EYLEA4U Enrollment Form PDF – Download and Print Today

EYLEA4U Enrollment Form

EYLEA (aflibercept) injection is a prescription medication for severe retinal conditions. Its timely and effective treatment can change the whole lives of all eligible patients. You must complete the Eylea4u Enrollment Form to participate in the Eylea program to access financial assistance, navigate insurance requirements, and connect with patient resources.

Click the download button below to save this fillable form on your device. Moreover, you will know its importance, how to complete this form, and additional details to avoid mistakes.

Importance of EYLEA4U Patient Enrollment Form

It is a legal document designed to support patients to access the patient support program.
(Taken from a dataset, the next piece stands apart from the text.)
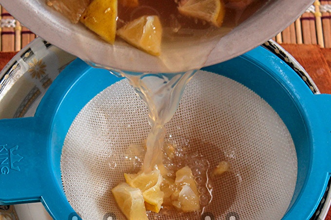 We filteren de geurige bouillon door een zeef, we hebben alleen vloeistof nodig, gooien de rest eruit.

It helps the patients in the following scenarios.

Financial Assistance

The patient will receive financial assistance to mitigate the costly treatment burden. The Eylea support team members will guide the patient through the treatment plan.

Insurance Verification

This form helps identify a patient with adequate insurance coverage compatible with the Eylea program.

Educational Resources

The Eylea support team will guide the patients about the dosage, treatment plan, and side effects.

Coordinating Care Services

It helps coordinate transparent communication between healthcare providers, patients, and specialty pharmacies.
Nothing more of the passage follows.